Cytoscape, despite its many strengths, has not been well-suited to novel bioinformatics and computational biology, because it has lacked a full-featured, bioinformatically-capable scripting language. Three are three candidate open-source scripting languages in common use today: Perl, Python, and R. Cytoscape’s ScriptingPluginEngine only supports languages implemented to run in the Java Virtual Machine, thus ruling out Perl, R and anything but a limited version of Python (“Jython”). Ruby, JavaScript, Groovy, Clojure, and the aforementioned Jython are supported, but these languages are little used in and somewhat limited for bioinformatics. Jython, for instance, is unable to run NumPy, “the fundamental package for scientific computing with Python” [14] or to call out to other compiled code.

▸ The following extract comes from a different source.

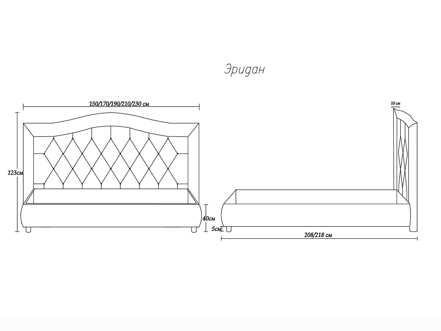 Кровать Эридан отличается высоким изголовьем плавной изогнутой формы. Спинка модели оформлена классической каретной стяжкой и дополнена пуговицами, обтянутыми в тон. Для любителей оригинальных решений производитель предусмотрел возможность замены пуговиц на сияющие стразы. Царги мебели получили плавные скользящие линии, которые делают силуэт обтекаемым. Продуманные формы наделяют кровать высокой функциональностью и позволяют безупречно вписать в любой интерьер.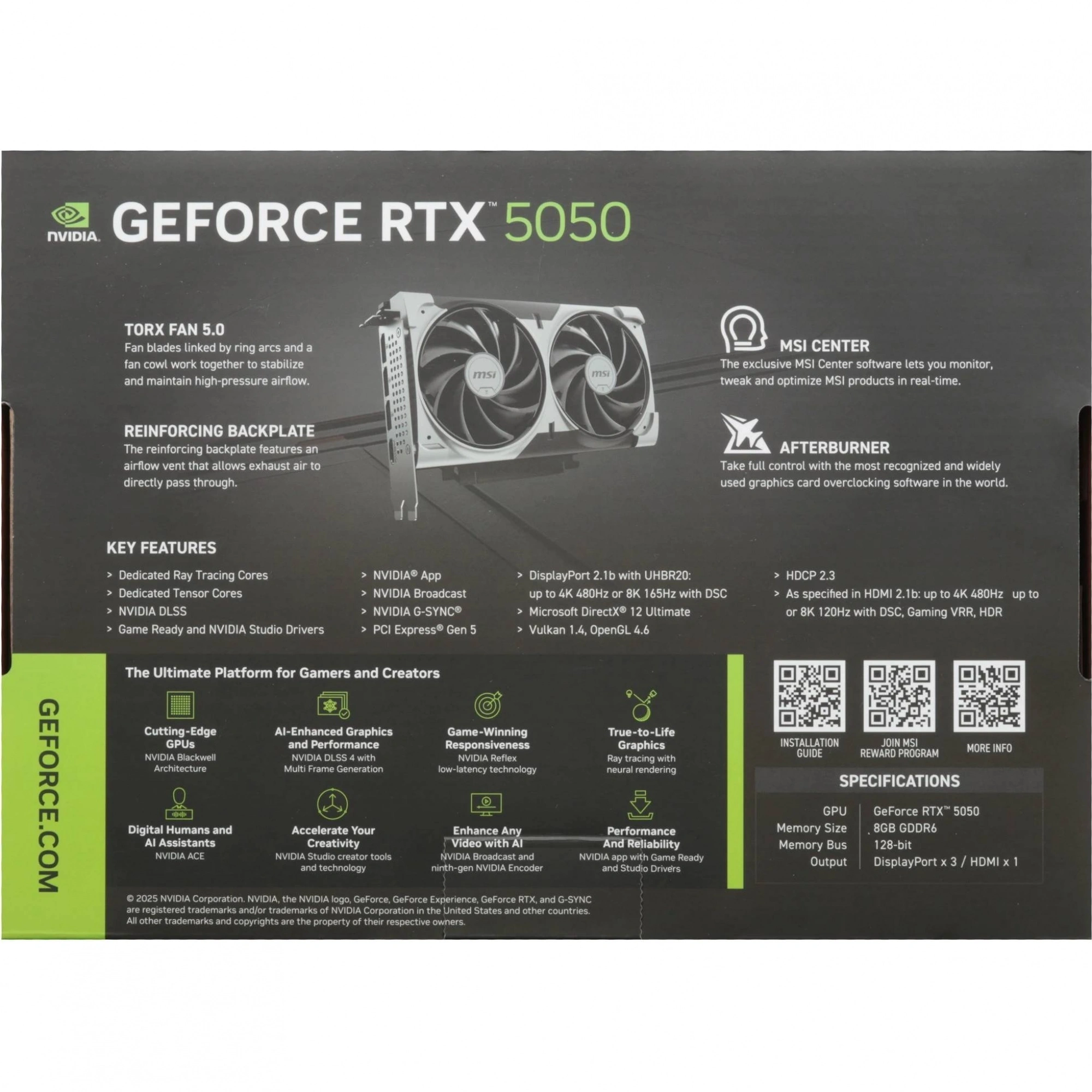 Видеокарта MSI RTX5050 VENTUS 2X OC 8GB GDDR6

Lacking a full-featured, bioinformatically-capable scripting language, the most effective way to extend the capabilities of Cytoscape beyond those offered by the Cytoscape core development team, and by Cytoscape plugin writers, has been to write another plugin. Unfortunately, this is a task for a seasoned Java software developer, and largely impractical and/or inefficient for research bioinformaticians and computational biologists, for two reasons. First, Java programming is complex and time-consuming: object inheritance must be understood, Java classes designed and implemented, the Cytoscape API grasped, the code compiled, classpaths resolved, and jar files dynamically loaded. Second, the new plugin will be subject to the same constraints and lack of flexibility found in all plugins and in Cytoscape itself: only pre-conceived operations which can be accomplished via a point-and-click interface are permitted, with parameterization limited to the provided GUI, and with the reproducibility of any analysis reduced to recording and repeating a precise series of mouse clicks. Cytoscape, in the absence of a strong bioinformatics scripting language, can be useful in routine bioinformatics, but is not well-suited for the practice of novel bioinformatics and computational biology.

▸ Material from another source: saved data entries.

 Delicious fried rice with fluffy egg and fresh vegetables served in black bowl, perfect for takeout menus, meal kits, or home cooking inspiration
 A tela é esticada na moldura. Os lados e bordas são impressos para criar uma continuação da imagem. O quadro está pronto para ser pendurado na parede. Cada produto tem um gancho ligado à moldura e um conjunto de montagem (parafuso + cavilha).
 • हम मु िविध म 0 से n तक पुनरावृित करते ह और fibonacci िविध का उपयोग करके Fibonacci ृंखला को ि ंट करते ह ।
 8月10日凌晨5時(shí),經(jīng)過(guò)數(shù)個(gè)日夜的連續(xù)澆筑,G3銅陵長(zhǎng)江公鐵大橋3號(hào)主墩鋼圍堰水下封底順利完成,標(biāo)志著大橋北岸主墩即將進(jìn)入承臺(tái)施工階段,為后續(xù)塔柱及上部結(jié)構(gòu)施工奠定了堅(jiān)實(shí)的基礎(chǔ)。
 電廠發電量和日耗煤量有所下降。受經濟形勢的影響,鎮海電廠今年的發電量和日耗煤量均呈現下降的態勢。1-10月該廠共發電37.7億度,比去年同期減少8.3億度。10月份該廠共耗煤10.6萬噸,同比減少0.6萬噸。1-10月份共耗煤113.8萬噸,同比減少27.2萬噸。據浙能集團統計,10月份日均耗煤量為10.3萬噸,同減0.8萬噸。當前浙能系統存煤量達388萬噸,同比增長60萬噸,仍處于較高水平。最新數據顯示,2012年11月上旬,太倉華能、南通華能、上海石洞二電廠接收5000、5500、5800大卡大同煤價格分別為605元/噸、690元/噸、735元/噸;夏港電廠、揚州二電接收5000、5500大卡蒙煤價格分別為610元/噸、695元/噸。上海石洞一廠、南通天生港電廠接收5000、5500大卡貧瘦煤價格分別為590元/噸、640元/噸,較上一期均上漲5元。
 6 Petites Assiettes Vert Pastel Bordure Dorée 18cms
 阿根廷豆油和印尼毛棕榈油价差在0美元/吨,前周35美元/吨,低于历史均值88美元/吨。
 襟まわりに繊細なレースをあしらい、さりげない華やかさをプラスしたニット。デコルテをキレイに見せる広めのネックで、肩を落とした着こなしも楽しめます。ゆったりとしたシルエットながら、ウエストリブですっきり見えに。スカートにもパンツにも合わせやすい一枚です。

With the appearance of the CytoscapeRPC plugin in 2011 [15] full scripting finally became possible. CytoscapeRPC employs XMLRPC [16], a well-known HTTP-based inter-process communication protocol which is supported by the three top scripting language candidates, Perl, Python and R. For the first time, most of Cytoscape’s point-and-click commands, and many other internal operations, could be accomplished by function calls from a scripting language, running in another process. Data and networks residing in Cytoscape can in addition, be transmitted to the environment of the scripting language. Thus augmented, Cytoscape becomes well-suited to novel bioinformatics and computational biology. The first version of RCytoscape, using CytoscapeRPC, appeared in the fall of 2011.

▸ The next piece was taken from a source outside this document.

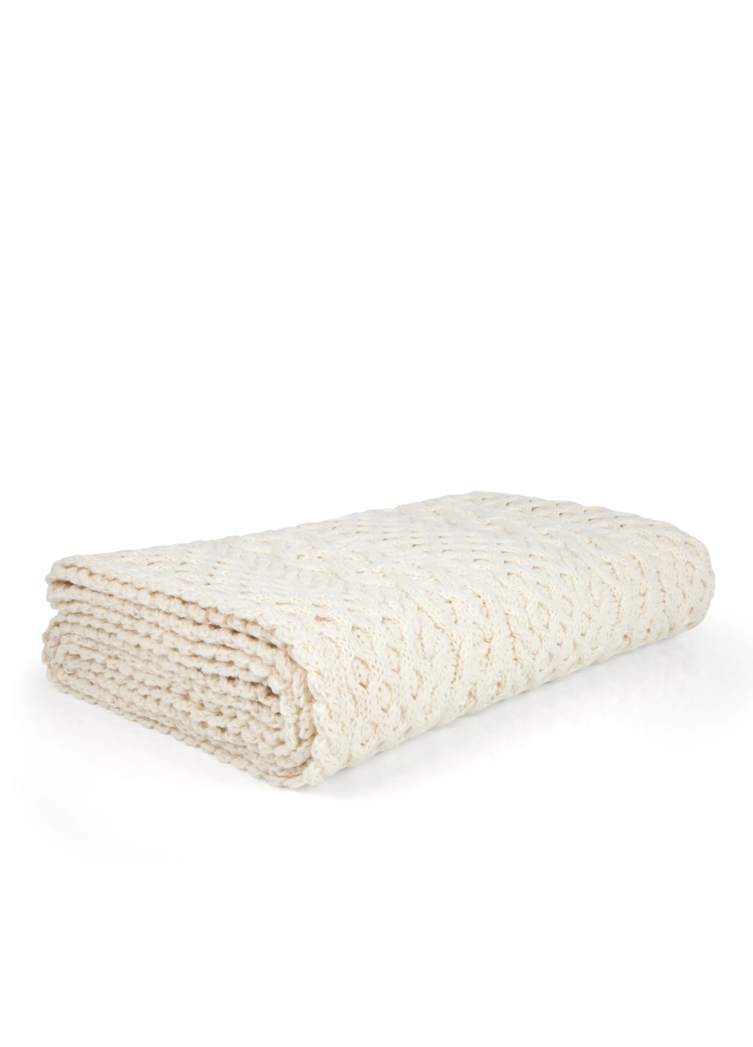 It features beautiful Irish stitches throughout the throw. We can see the Basket stitch, which represents the fishermans basket and the hope of many catches. It also features the cable stitch, which represents the fishermans rope- safety and good luck while out at sea. We can also see the honeycomb stitch, this means “work as the bee – for a fair reward”, the diamond stitch shows success, wealth and treasure. This Irish throw is perfect as a gift or as a treat to yourself.

To make these capabilities convenient to use, and to insulate RCytoscape’s programmer interface from changes to Cytoscape API (about which more below, in the discussion of the recent release of Cytoscape 3.0) one task remained: to create an R programing interface to Cytoscape so that the details of the XMLRPC protocol are hidden, and so that Cytoscape commands appears as “natural” operations in the scripting language. Thus, instead of

RCytoscape scripters can write

We chose R from among the three candidate languages. Perl was rejected because it is not interactive, and because its popularity within bioinformatics appears to have declined in recent years, perhaps due a perceived deficiency in statistical and modeling domains, for which bioinformaticians and computational biologists usually turn to Python, R, or a compiled language such as C or C++.

Python and R are both strong candidates for scripting Cytoscape. Both work in interactive and ‘batch’ modes, and both are used in a wide variety of scientific and engineering domains. They each support an interface to compiled languages (C, C++, Fortran) providing access to extra speed or special libraries as needed.

We selected R over Python. As the open source implementation of the S programming language, R has been shaped by more than 30 years of use in statistics, data mining, and numerical modeling. Though R has neither the syntactic elegance of Python, nor the dynamic power of Ruby, its long history, and its broad adoption as the standard open source “software environment for statistical computing and graphics” [17] means that it offers unparalleled convenience and power for analyzing data. Python, while generally acknowledged to be the better-designed language, has always lagged R in features needed by those doing serious statistics, data-mining, and other data- and mathematically-oriented computing. If mailing list volume is a reliable indicator, the R/Bioconductor bioinformatics community is substantially more active than Biopython [18]. Among data-mining and statistical programming languages, R in recent years has become the most popular [19].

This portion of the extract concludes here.